-- Source material follows --

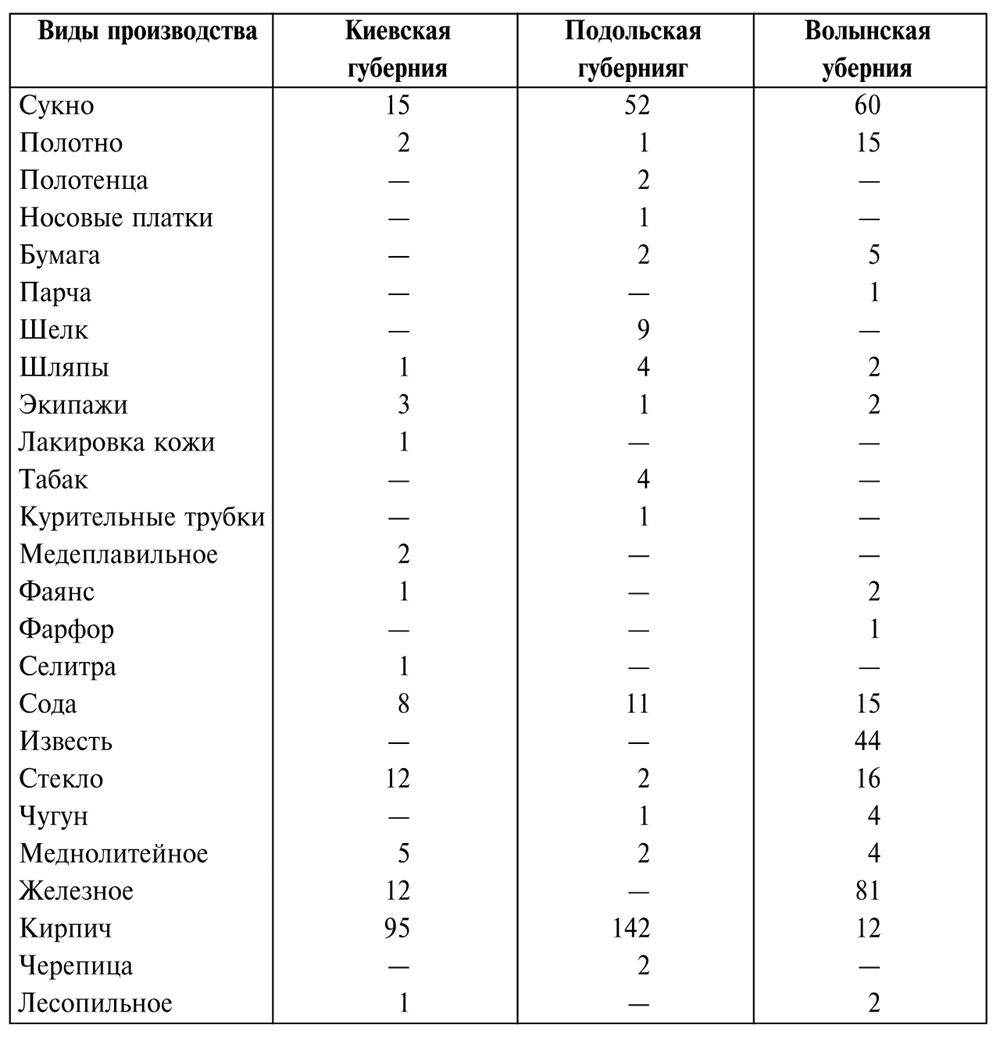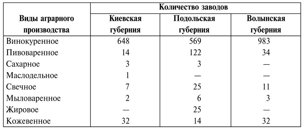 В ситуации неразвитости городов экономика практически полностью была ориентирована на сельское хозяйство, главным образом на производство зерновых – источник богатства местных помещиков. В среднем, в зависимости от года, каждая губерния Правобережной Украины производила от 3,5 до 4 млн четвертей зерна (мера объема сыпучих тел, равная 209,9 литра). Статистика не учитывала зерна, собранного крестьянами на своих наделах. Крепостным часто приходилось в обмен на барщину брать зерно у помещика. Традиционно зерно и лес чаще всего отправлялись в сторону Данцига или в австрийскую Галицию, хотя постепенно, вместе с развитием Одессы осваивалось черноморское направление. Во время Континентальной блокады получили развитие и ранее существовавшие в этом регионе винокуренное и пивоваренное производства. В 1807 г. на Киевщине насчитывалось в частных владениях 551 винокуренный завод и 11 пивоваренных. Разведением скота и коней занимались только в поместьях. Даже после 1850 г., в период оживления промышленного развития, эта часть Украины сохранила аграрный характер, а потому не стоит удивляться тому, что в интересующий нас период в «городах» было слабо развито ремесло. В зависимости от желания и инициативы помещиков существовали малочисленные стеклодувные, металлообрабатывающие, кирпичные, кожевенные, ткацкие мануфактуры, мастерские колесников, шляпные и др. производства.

-- Source material concluded --
-- Source material follows --

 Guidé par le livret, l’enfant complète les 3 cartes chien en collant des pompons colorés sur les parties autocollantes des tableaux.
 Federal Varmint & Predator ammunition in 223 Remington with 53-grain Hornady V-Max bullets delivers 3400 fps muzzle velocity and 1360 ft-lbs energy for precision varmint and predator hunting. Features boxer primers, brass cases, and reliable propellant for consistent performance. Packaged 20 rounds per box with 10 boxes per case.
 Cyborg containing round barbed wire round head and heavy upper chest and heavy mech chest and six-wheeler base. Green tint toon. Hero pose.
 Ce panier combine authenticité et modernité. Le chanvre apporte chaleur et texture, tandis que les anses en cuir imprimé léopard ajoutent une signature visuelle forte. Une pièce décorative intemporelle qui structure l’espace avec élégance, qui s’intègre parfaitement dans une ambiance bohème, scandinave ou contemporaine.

-- Source material concluded --

## Exercise goal
Return, word for word, the lines of the data above from the line with "Cyborg containing round" through the line with "Ce panier combine", inclusive.

## Completed exercise
 Cyborg containing round barbed wire round head and heavy upper chest and heavy mech chest and six-wheeler base. Green tint toon. Hero pose.
 Ce panier combine authenticité et modernité. Le chanvre apporte chaleur et texture, tandis que les anses en cuir imprimé léopard ajoutent une signature visuelle forte. Une pièce décorative intemporelle qui structure l’espace avec élégance, qui s’intègre parfaitement dans une ambiance bohème, scandinave ou contemporaine.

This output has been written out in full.